§ **TO DO**
Although the records contain pictures, only their text should be repeated, exactly as it stands.
►
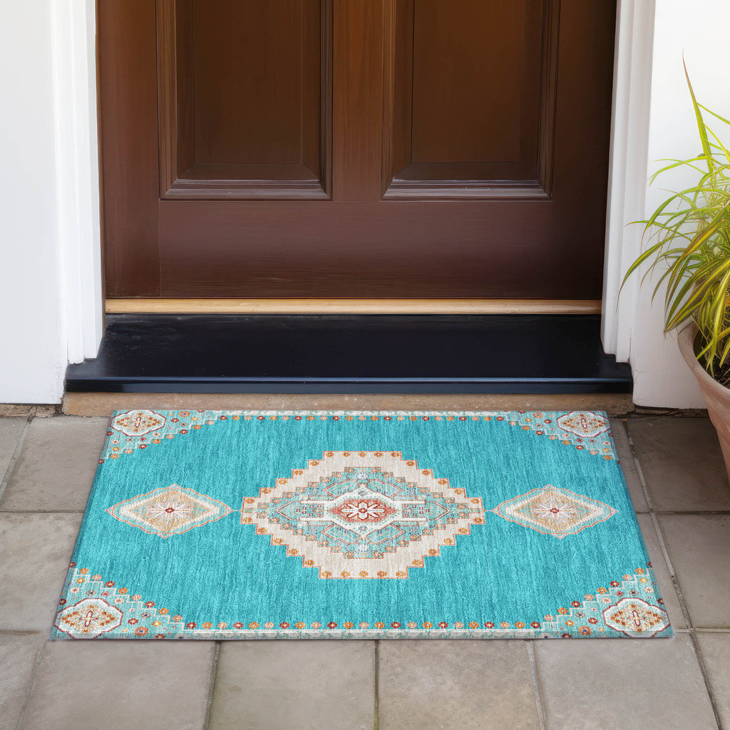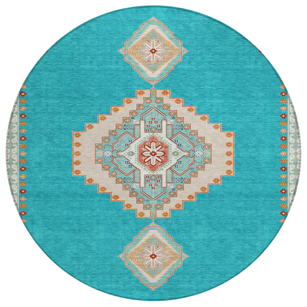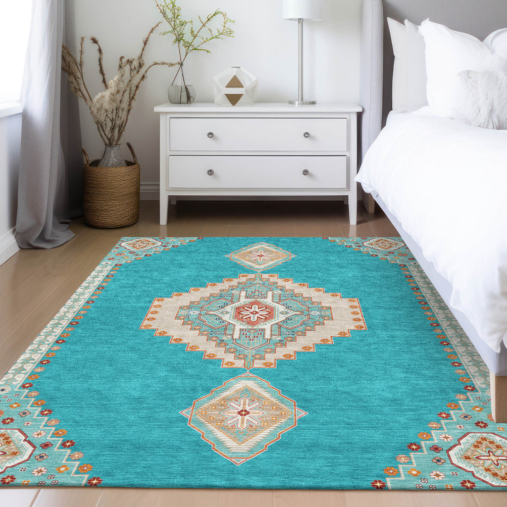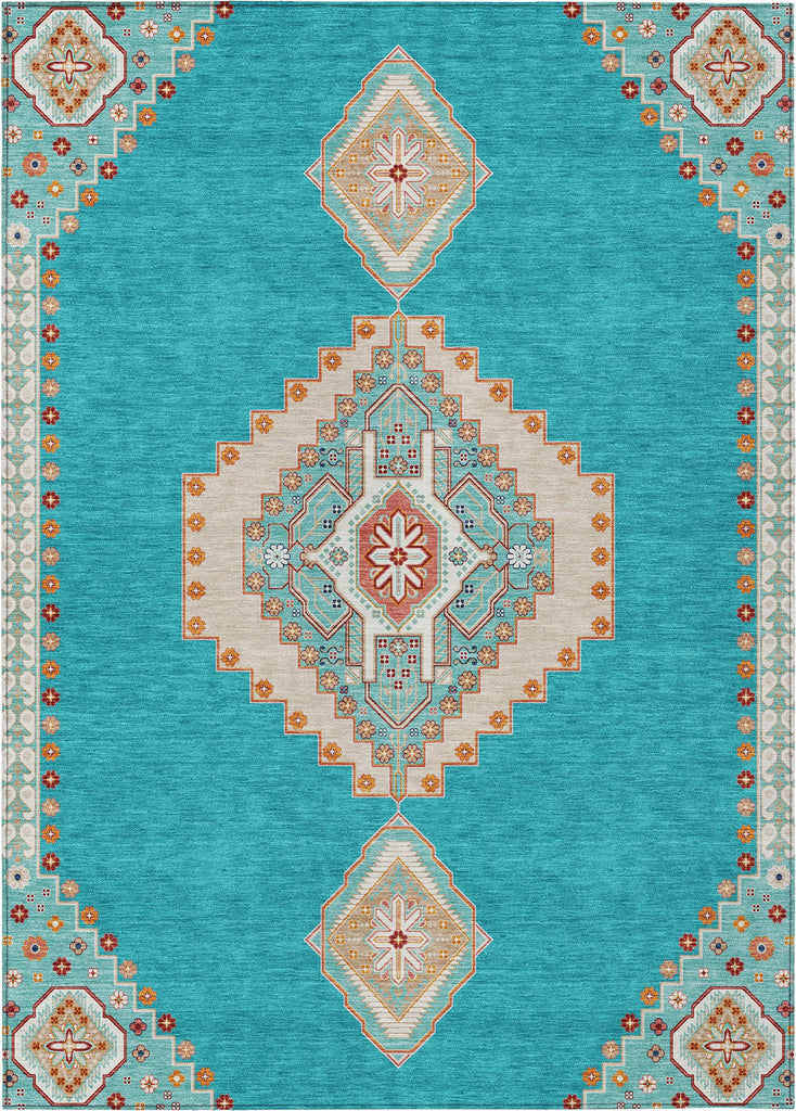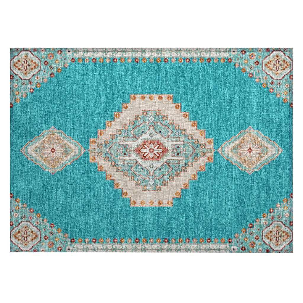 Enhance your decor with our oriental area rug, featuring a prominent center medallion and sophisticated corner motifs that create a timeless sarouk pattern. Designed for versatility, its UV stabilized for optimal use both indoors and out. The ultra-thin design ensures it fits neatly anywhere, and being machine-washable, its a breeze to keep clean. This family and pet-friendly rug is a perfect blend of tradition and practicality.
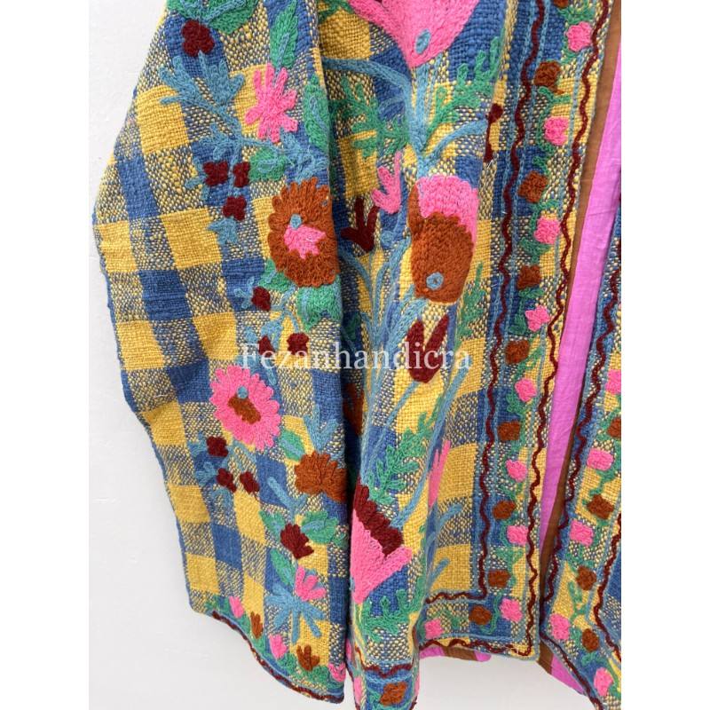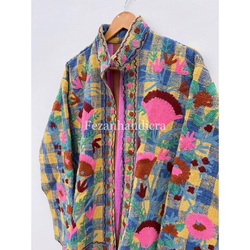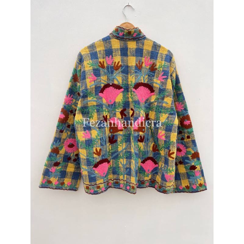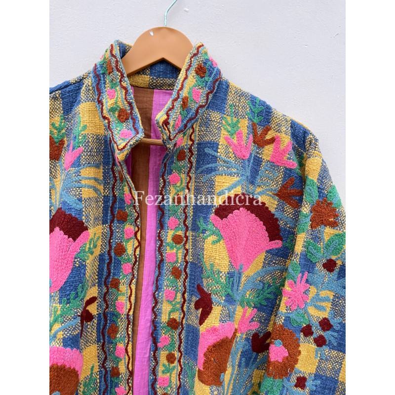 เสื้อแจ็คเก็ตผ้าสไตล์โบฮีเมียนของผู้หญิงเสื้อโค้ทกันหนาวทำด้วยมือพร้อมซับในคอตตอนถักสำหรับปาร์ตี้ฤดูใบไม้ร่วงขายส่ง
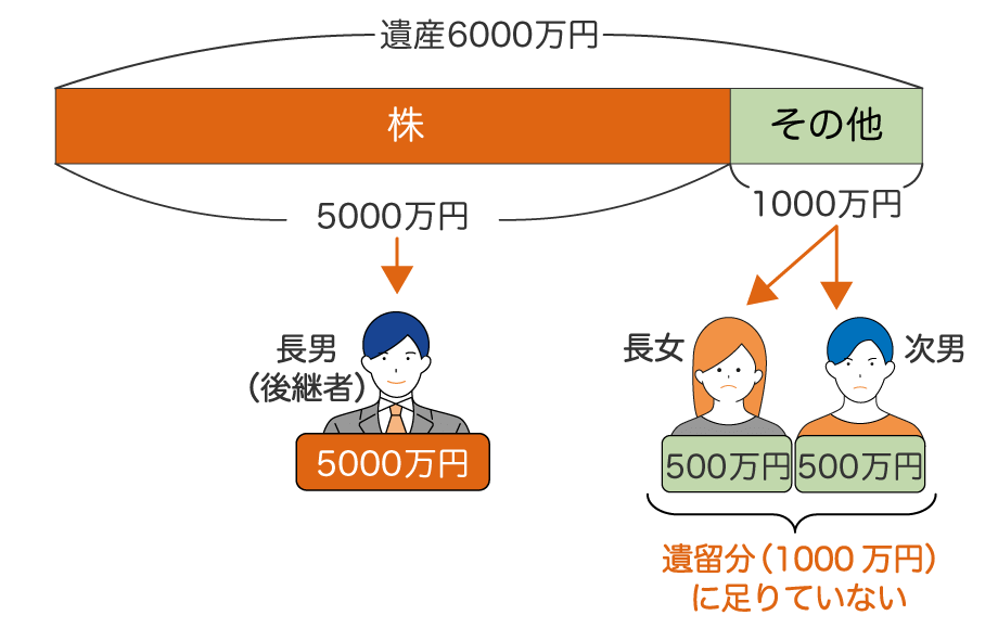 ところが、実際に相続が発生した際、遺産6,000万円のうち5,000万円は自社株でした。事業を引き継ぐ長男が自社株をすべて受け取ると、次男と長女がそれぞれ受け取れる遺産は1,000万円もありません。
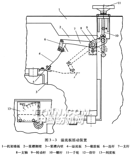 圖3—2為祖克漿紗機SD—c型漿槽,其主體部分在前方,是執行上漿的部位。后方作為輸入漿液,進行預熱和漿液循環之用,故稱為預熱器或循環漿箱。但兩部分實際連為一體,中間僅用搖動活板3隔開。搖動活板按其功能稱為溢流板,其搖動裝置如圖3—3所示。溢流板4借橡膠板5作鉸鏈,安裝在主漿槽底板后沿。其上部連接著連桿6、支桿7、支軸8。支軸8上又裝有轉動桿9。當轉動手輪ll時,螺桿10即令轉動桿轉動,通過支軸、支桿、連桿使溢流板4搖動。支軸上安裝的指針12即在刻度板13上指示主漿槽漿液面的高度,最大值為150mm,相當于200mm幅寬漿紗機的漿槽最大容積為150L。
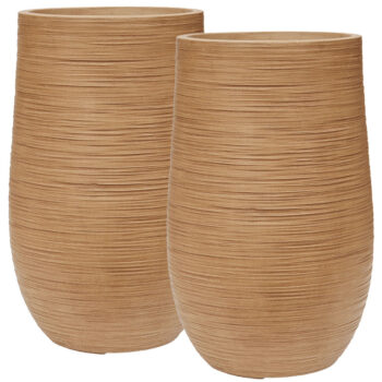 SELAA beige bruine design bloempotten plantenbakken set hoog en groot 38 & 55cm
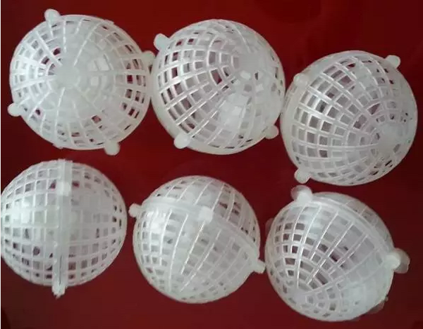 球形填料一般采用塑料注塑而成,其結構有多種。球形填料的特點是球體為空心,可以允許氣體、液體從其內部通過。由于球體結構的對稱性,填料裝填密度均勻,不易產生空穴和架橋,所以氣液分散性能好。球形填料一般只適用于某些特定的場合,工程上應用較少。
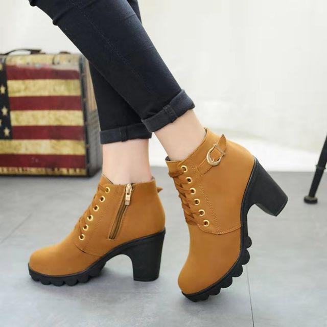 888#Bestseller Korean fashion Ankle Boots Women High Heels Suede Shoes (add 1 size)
◄
§ **SOLUTION BELOW**
 Enhance your decor with our oriental area rug, featuring a prominent center medallion and sophisticated corner motifs that create a timeless sarouk pattern. Designed for versatility, its UV stabilized for optimal use both indoors and out. The ultra-thin design ensures it fits neatly anywhere, and being machine-washable, its a breeze to keep clean. This family and pet-friendly rug is a perfect blend of tradition and practicality.
 เสื้อแจ็คเก็ตผ้าสไตล์โบฮีเมียนของผู้หญิงเสื้อโค้ทกันหนาวทำด้วยมือพร้อมซับในคอตตอนถักสำหรับปาร์ตี้ฤดูใบไม้ร่วงขายส่ง
 ところが、実際に相続が発生した際、遺産6,000万円のうち5,000万円は自社株でした。事業を引き継ぐ長男が自社株をすべて受け取ると、次男と長女がそれぞれ受け取れる遺産は1,000万円もありません。
 圖3—2為祖克漿紗機SD—c型漿槽,其主體部分在前方,是執行上漿的部位。后方作為輸入漿液,進行預熱和漿液循環之用,故稱為預熱器或循環漿箱。但兩部分實際連為一體,中間僅用搖動活板3隔開。搖動活板按其功能稱為溢流板,其搖動裝置如圖3—3所示。溢流板4借橡膠板5作鉸鏈,安裝在主漿槽底板后沿。其上部連接著連桿6、支桿7、支軸8。支軸8上又裝有轉動桿9。當轉動手輪ll時,螺桿10即令轉動桿轉動,通過支軸、支桿、連桿使溢流板4搖動。支軸上安裝的指針12即在刻度板13上指示主漿槽漿液面的高度,最大值為150mm,相當于200mm幅寬漿紗機的漿槽最大容積為150L。
 SELAA beige bruine design bloempotten plantenbakken set hoog en groot 38 & 55cm
 球形填料一般采用塑料注塑而成,其結構有多種。球形填料的特點是球體為空心,可以允許氣體、液體從其內部通過。由于球體結構的對稱性,填料裝填密度均勻,不易產生空穴和架橋,所以氣液分散性能好。球形填料一般只適用于某些特定的場合,工程上應用較少。
 888#Bestseller Korean fashion Ankle Boots Women High Heels Suede Shoes (add 1 size)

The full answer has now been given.